Predator outbreaks have increased in the past two decades in many ecosystems and are predicted to become more common with climate change. During these outbreaks, predator densities increase rapidly, and can cause large reductions in prey populations or shifts in prey size structure. However, unexpected interactions may occur at high predator densities, necessitating a mechanistic understanding of how increased predator density affects predator-prey dynamics. In the northern Gulf of Mexico, outbreaks of southern oyster drill, Stramonita haemastoma (Linnaeus, 1767), occur during high salinity events, and can greatly reduce eastern oyster, Crassostrea virginica (Gmelin, 1791), populations. A large outbreak of drills occurred from 2013 to 2015 in Apalachicola Bay, FL which corresponded with an oyster fishery collapse in that bay. To improve our mechanistic understanding of predation during such a high-density outbreak, laboratory experiments based on field observations were used to quantify the prey size selection by drills and the drill functional response, as a function of drill abundance. Drills fed on medium-sized oysters (50–75 mm) more often than small and larger-sized oysters, and often formed aggregations during feeding events.
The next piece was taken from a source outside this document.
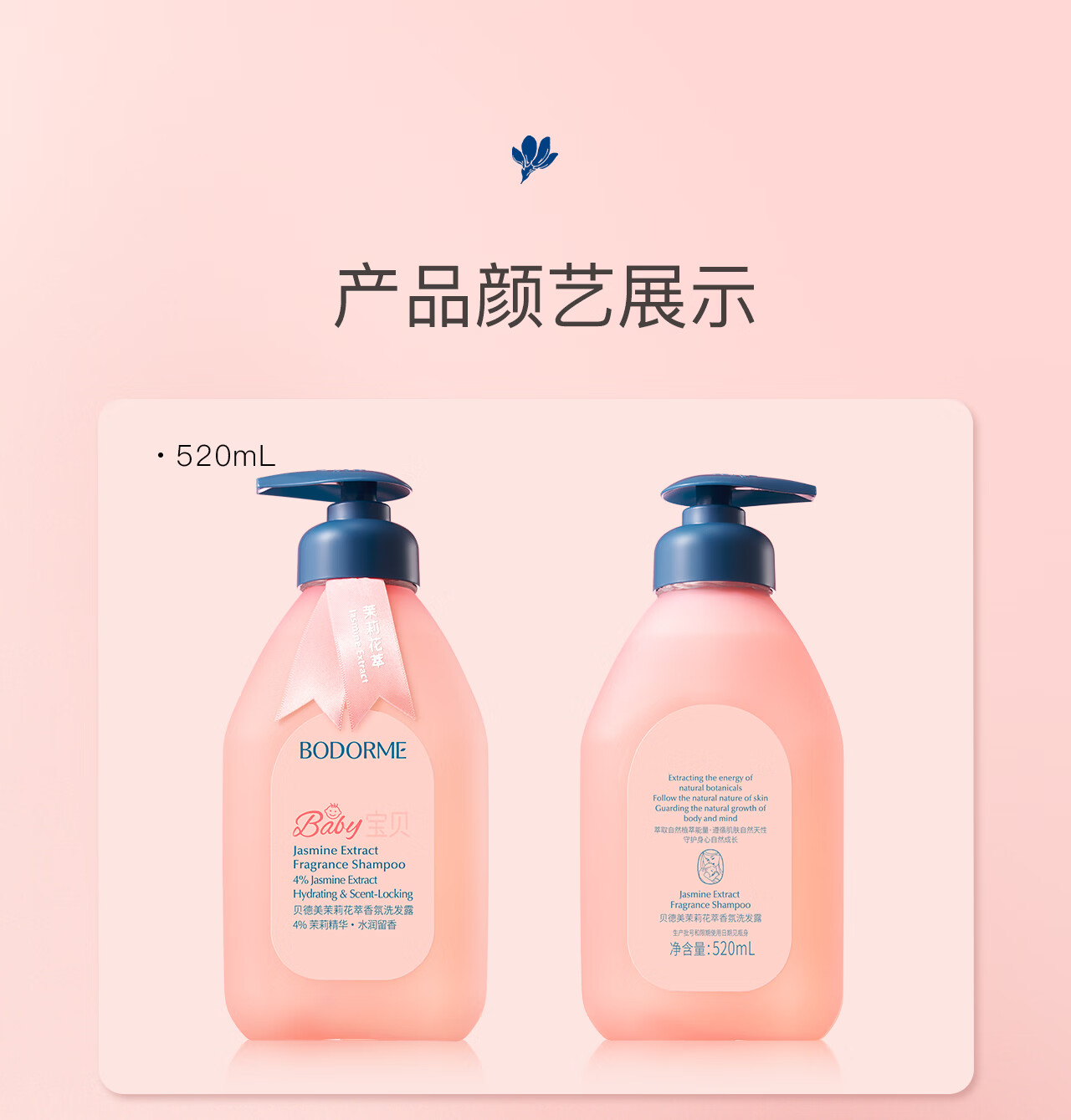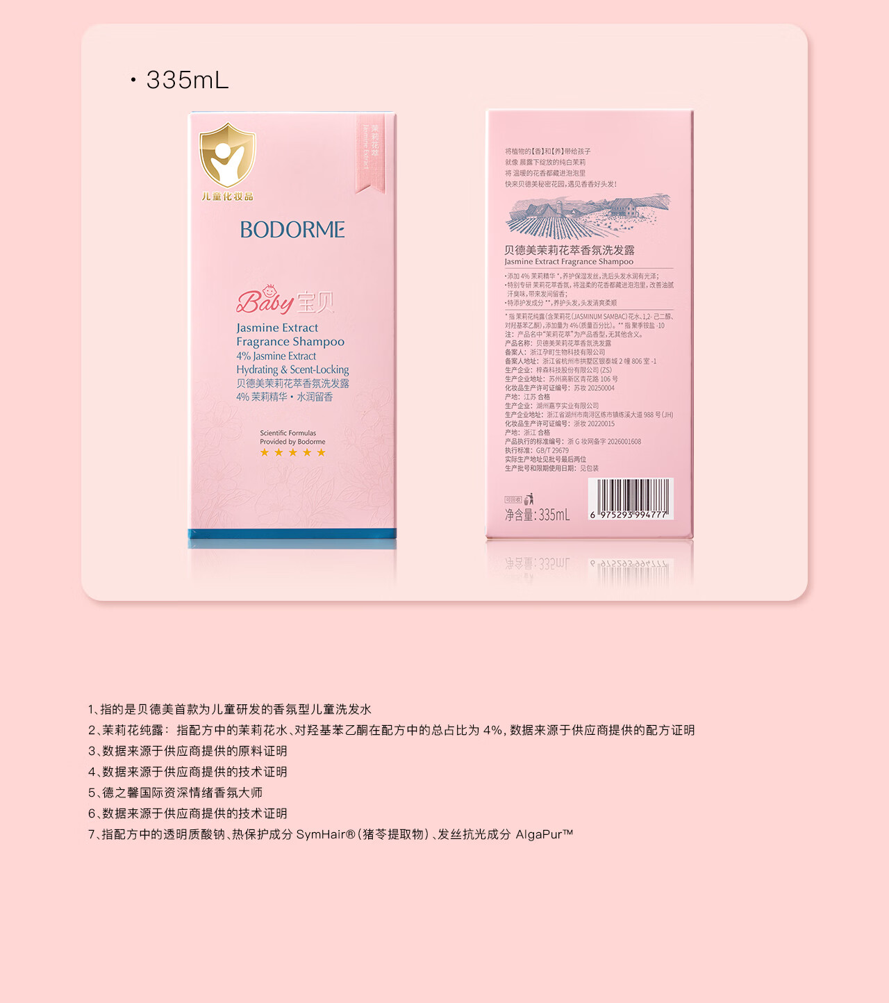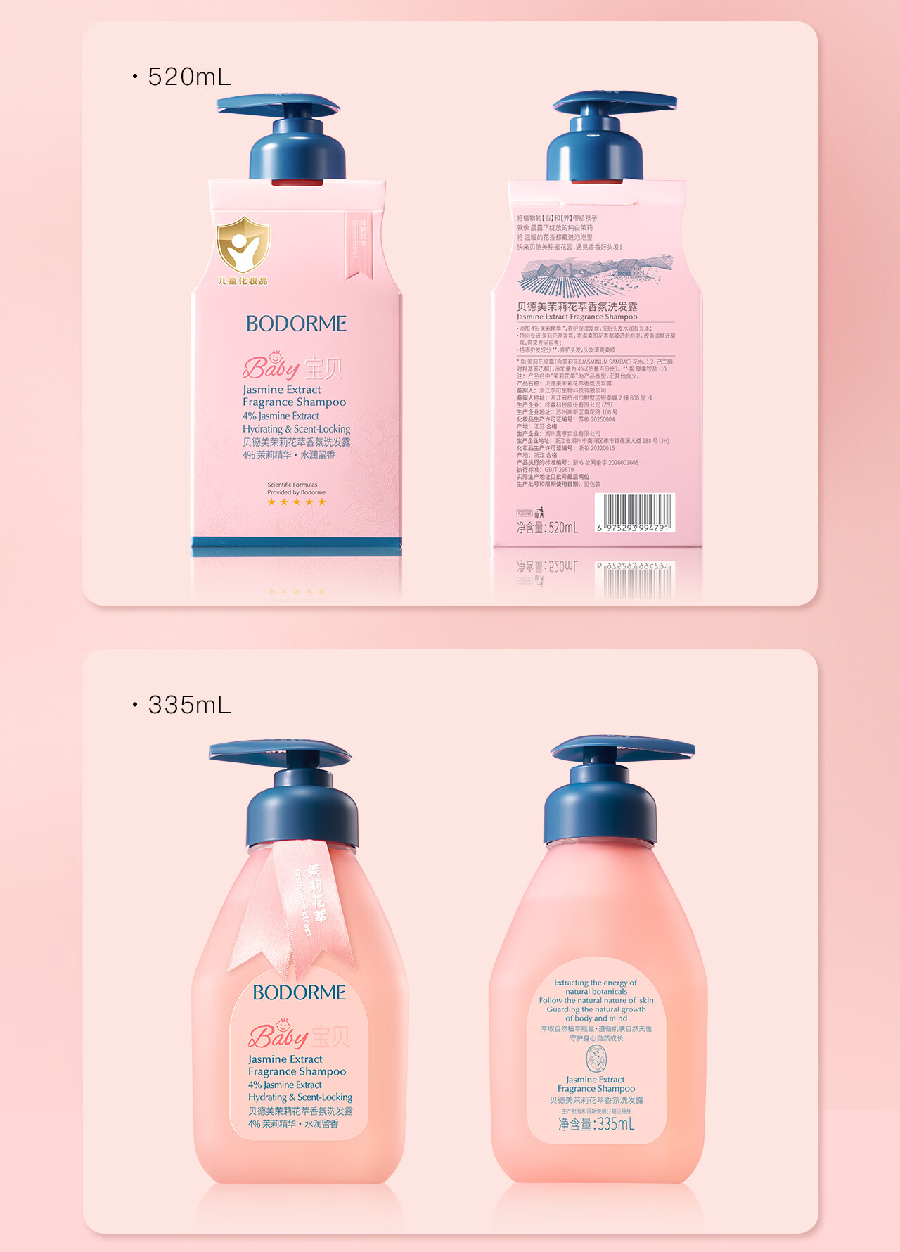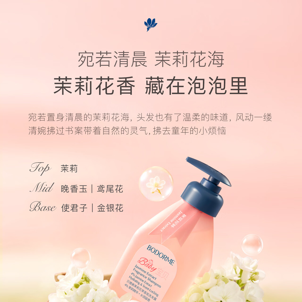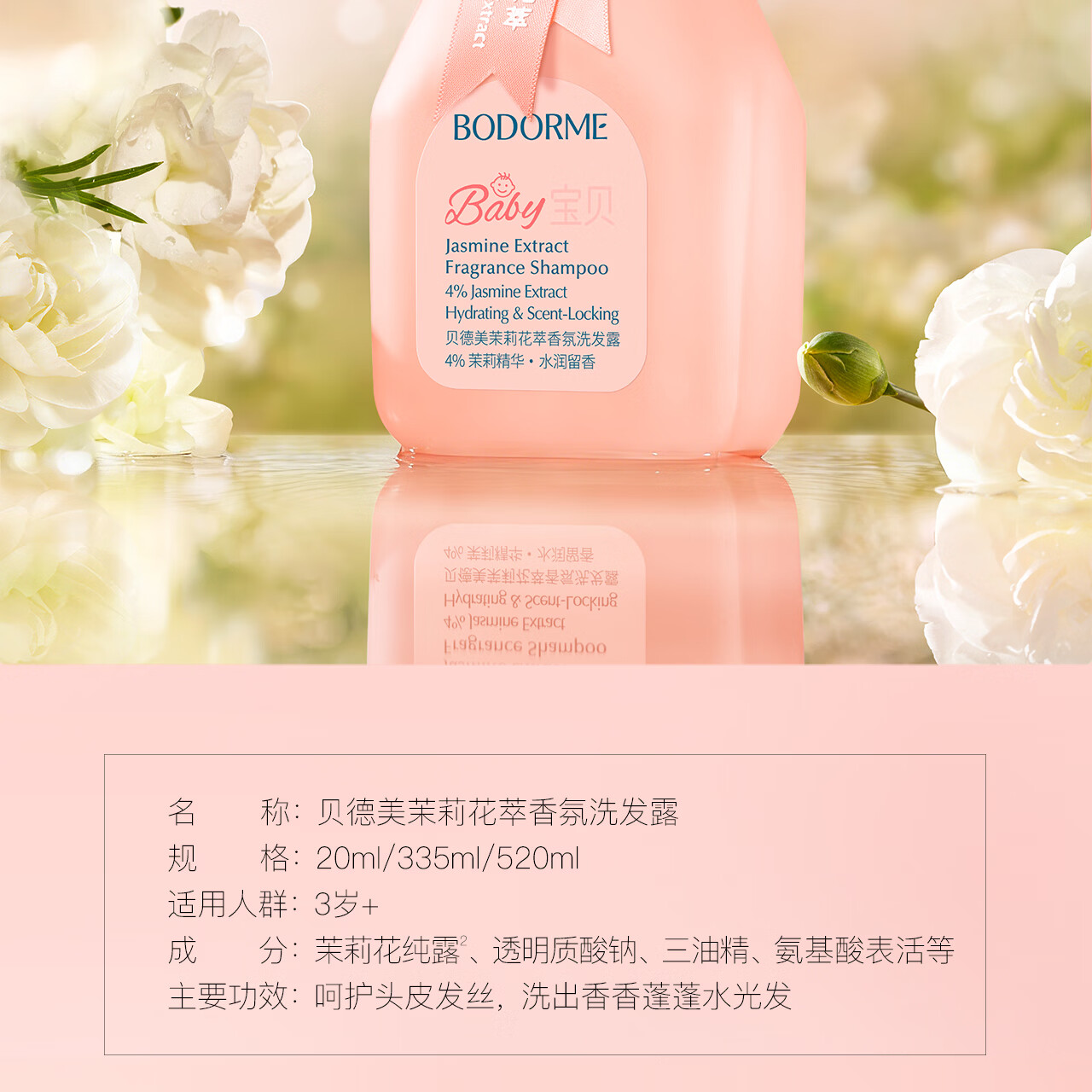 贝德美儿童香氛+柔顺洗发水持久留香氨基酸茉莉花香洗发露弱酸性335ml*2

However, despite this aggregative response, there was a negative relationship between per capita feeding rates and drill abundance. Indeed, the Crowley-Martin functional response model had the most parsimonious fit to the data, suggesting that predator-predator inhibition reduced attack rates and increased handling times. Due to an increase in regional drought conditions and water usage in the southeastern United States, drill outbreaks will likely increase in frequency and duration. A greater understanding of how predation rates change with predator densities during outbreaks will improve predictions of oyster mortality, and strengthen the scientific framework for oyster fishery decisions.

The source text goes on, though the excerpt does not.